Willing, Ready and Able

There is recognition of a lack of capacity amongst the majority of National Federations and that most are only active in 3 provinces.  This limits the number of sports currently able to make an Impact.

At the end of 2011 National Federations were requested to complete an honest Willing; Ready and Able (WRA) assessment in order to determine which sports should participate in the first roll-out wave.  A prerequisite for participation in the first-wave roll-out was that the National Federation needed to have either launched its LTPD model or be in the process of developing their model.

Whilst the SAOF is currently only one of 16 sports to have launched their LTPD model, our frank WRA assessment concluded that whilst we are Willing, we are neither Ready nor Able.  Our WRA assessment was submitted to SASCOC along with a Management Committee resolution committing the federation to create a Long Term Coach Development plan that is aligned the SA Coach Framework.

SAOF Approach

The WRA assessment serves as a tool to assist us identify gaps and prioritise our efforts.  SASCOC will use this assessment to evaluate progress that we make towards becoming Ready and Able.  Although we are currently neither Ready nor Able, the conclusion is the same: our priority must be to develop our coaching system and align it with the SA Coach Framework.

It should be noted that Ready and Able are measured relative to our ability to make an Impact according to SRSA’s measures.  What is clear is that the SAOF’s own strategy as embodied in our Development and Expansion plan is all about achieving the same goals, but at a more realistic level that is informed by our current capacity.  We believe that constant progress in this direction will be viewed favourably by SASCOC and SRSA.  Evidence of this is that our commitment to developing a LTPD model have already placed us in a very favourable light with both SRSA and SASCOC.

Funding

It should be noted that future access to government funding for sport (SRSA and SASCOC, via the National Lottery) will only be possible for National Federations that are aligned to the SA Coaching Framework.  Any strategic or development plans need to specifically demonstrate that they support the targets of SRSA’s plans.

At the end of the day we know that our sport is all about the participants, and that is why we embraced LTPD.  We have also recognised that without a coach education system, we are going to have difficulty fully implementing LTPD – the two go hand in hand.  Hence it makes sense to embrace the LTCD project.

SAOF Plans

Re-energised Coach Commission

The SAOF development and implementation will be driven by our Coaching Commission, which will be re-energised.

Key Issues

We have no official, formal coaching and accreditation system.

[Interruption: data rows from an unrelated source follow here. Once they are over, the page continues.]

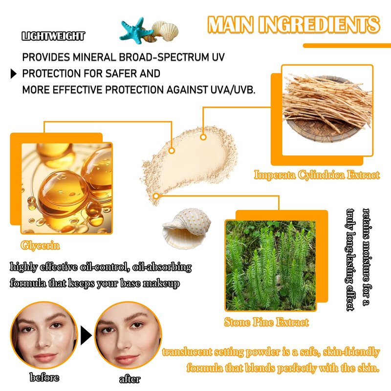 - 🌈【Long-lasting Makeup Setting】Translucent powder sunscreen locks makeup in place, providing long-lasting oil control and water resistance, so that sophisticated beauty stays in place longer.
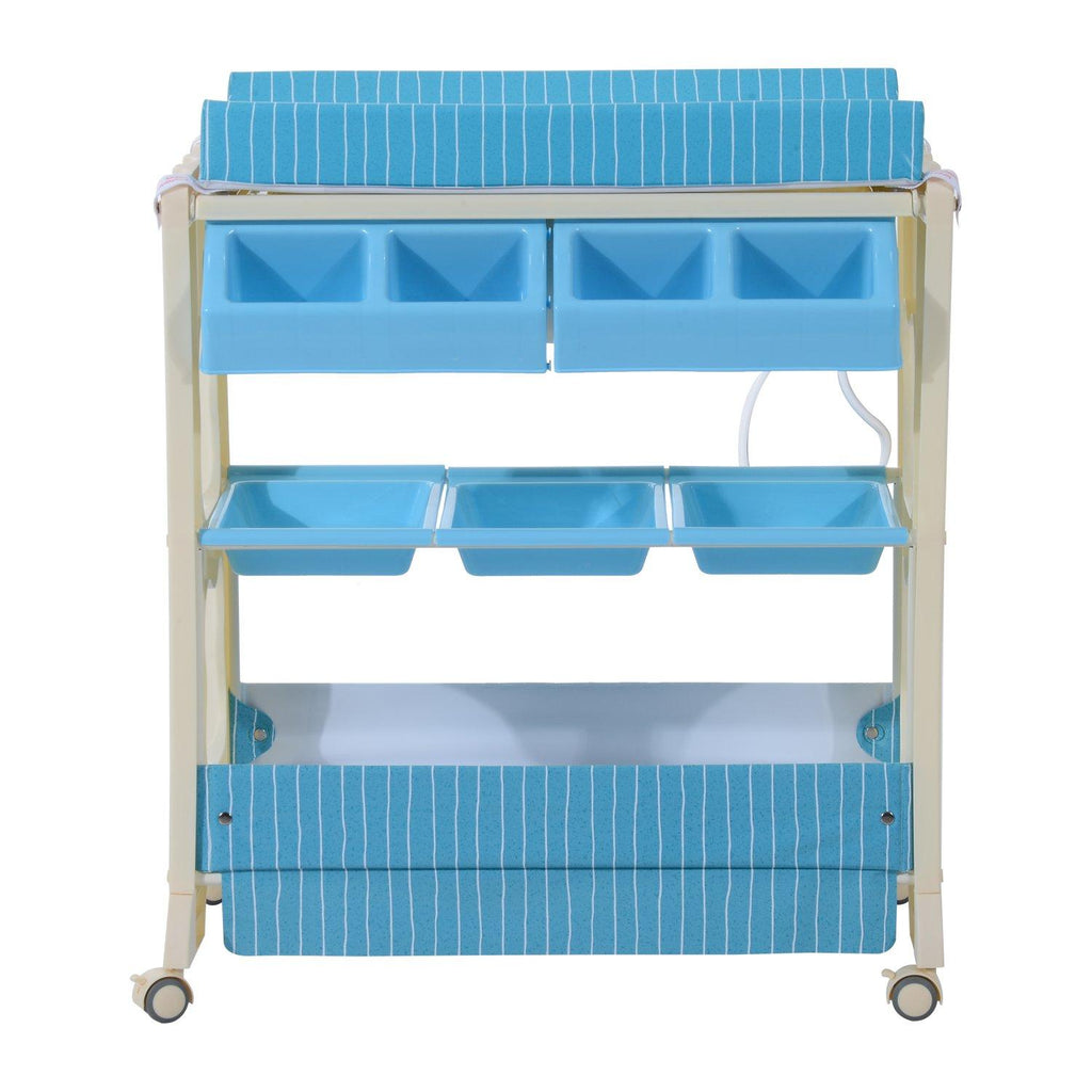 Fasciatoio con Vaschetta e Vani Portaoggetti in Plastica Atossica Blu 81x53x102 cm
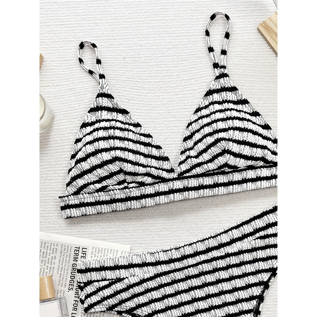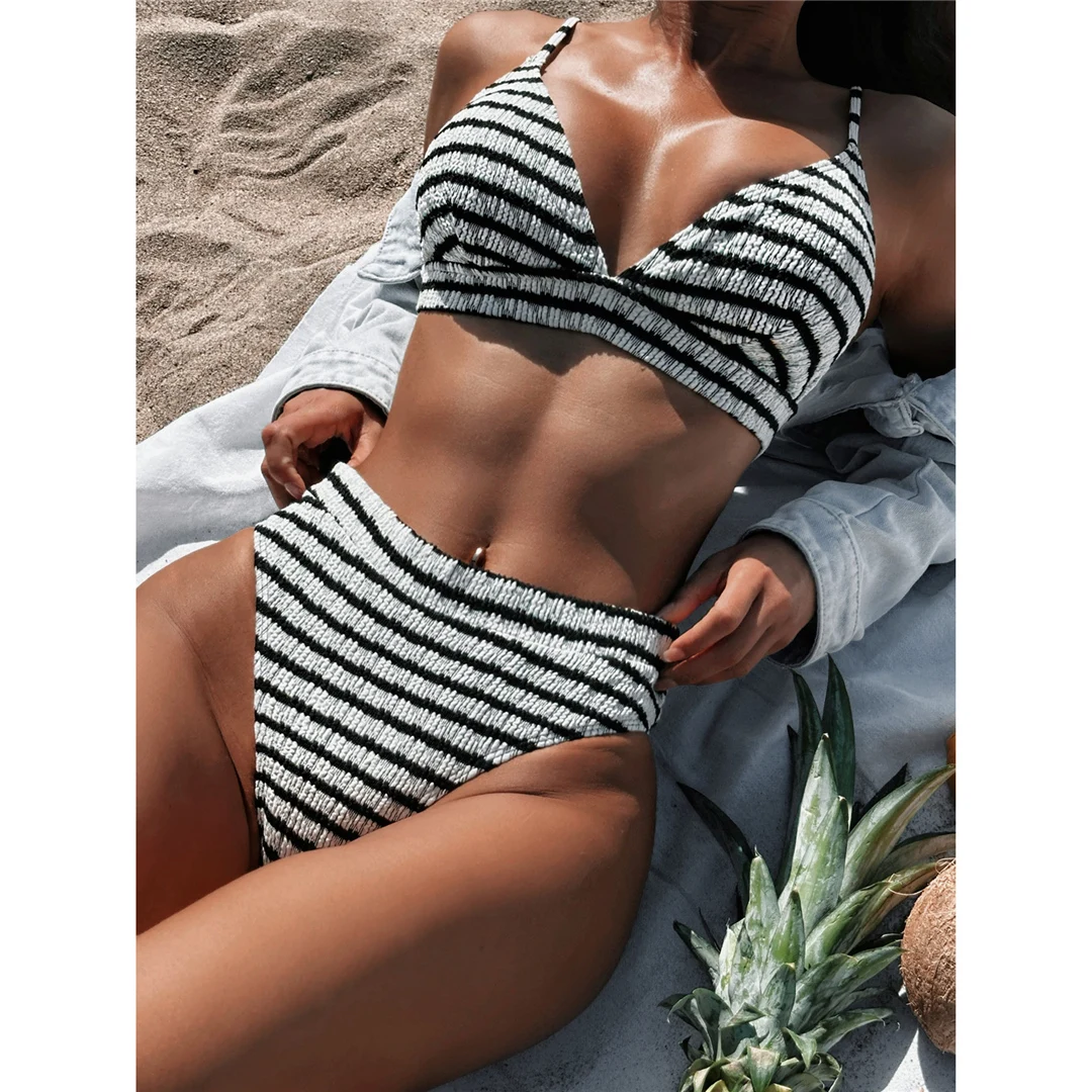 Sexy Black White Striped High Waist Bikini Female Swimsuit Women Swimwear Two-pieces Bikini set Bather Bathing Suit Swim V5830
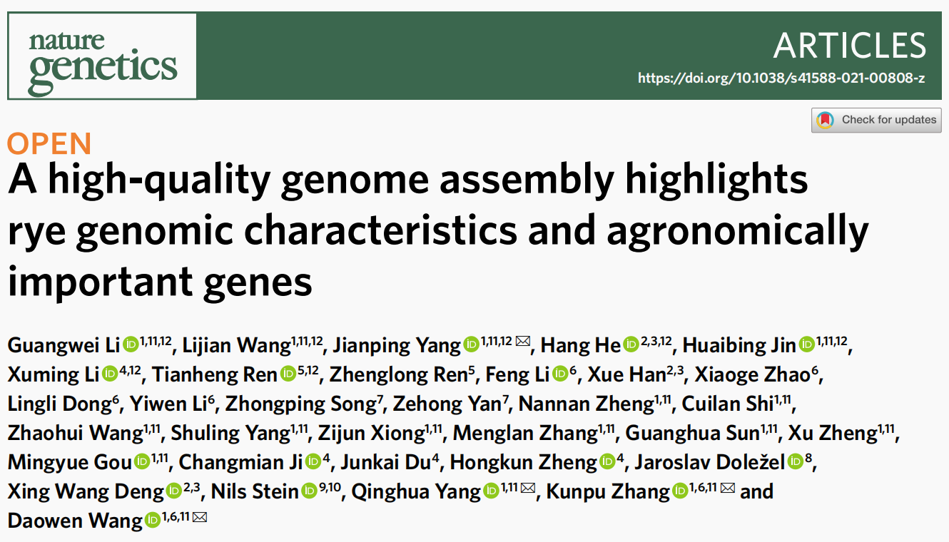 本研究對(duì)我國栽培的優(yōu)良品種威寧黑麥進(jìn)行了基因組測(cè)序,基因組組裝大小為7.74 Gb,其中93.67%被掛載到7條染色體上,重復(fù)序列占總基因組的90.31%。并基于高質(zhì)量基因組揭示了全基因組基因復(fù)制及其對(duì)淀粉生物合成基因的影響,解析了復(fù)雜儲(chǔ)存蛋白基因座位點(diǎn)、早抽穗性狀的基因表達(dá)特征以及黑麥中與馴化相關(guān)的染色體區(qū)域和基因座。本次研究結(jié)果對(duì)黑麥的基因組特性及其農(nóng)藝性狀調(diào)控基因有了新的認(rèn)識(shí),獲得了對(duì)進(jìn)一步研究黑麥馴化遺傳基礎(chǔ)可能有用的染色體區(qū)域和基因座。威寧黑麥基因組組裝對(duì)于破解黑麥基因組生物學(xué),深化比較谷類基因組學(xué)研究,加速黑麥及相關(guān)谷類作物的遺傳改良具有重要價(jià)值。
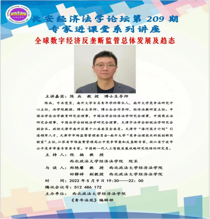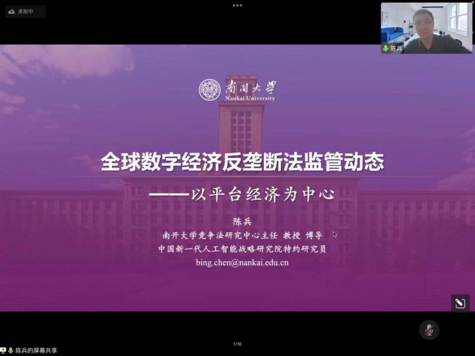 2022年5月9晚,由新葡的京集团35222vip主办的《全球数字经济反垄断法监管动态——以平台经济为中心》学术会议于19:30—22:00举行。会议由新葡的京集团35222vip院长倪楠教授主持,南开大学百名青年学科带头人、南开大学竞争法研究中心主任、法学院教授、博士生导师、博士后合作导师、经济法教研室主任陈兵教授主讲,新葡的京集团35222vip郑艳馨教授、田静婷副教授与谈。会议以线上形式召开。

However, a number of experienced volunteers do provide ad-hoc coaching at beginner and high-performance level.  We need to gain access to coaching material, which exists within well-developed orienteering federations.  This will avoid the need to re-invent the wheel.

We often struggle to gain access to participants at schools.  Currently we gain limited access through Life Orientation syllabus teachers who are inspired to provide orienteering instruction at their schools as part of that subject.

Actions proposed 2012-2014:

1)  Develop a formal coaching education system.  An initial draft document was produced in 2011 but needs adapting to the SA Coach Framework and LTPD model.

The SAOF is in the process of establishing a collaboration with the British Orienteering Federation, whose own LTCD model was recently re-developed and aligned with a similar Coach Framework system established in the UK.

We also aim to begin to populate the Orienteering coach education system by:

2)  Initially focusing on the education and accreditation of school teachers, in particular, to develop the sport and introduce the sport to school children – in line with the initial implementation approach of the SA Coach Framework.  A Level 1 Teacher’s course in orienteering is already developed for this purpose.

3)  Developing an intermediate level of coaching (club level) aimed at retaining novices as they improve, and to develop future members of the national squads.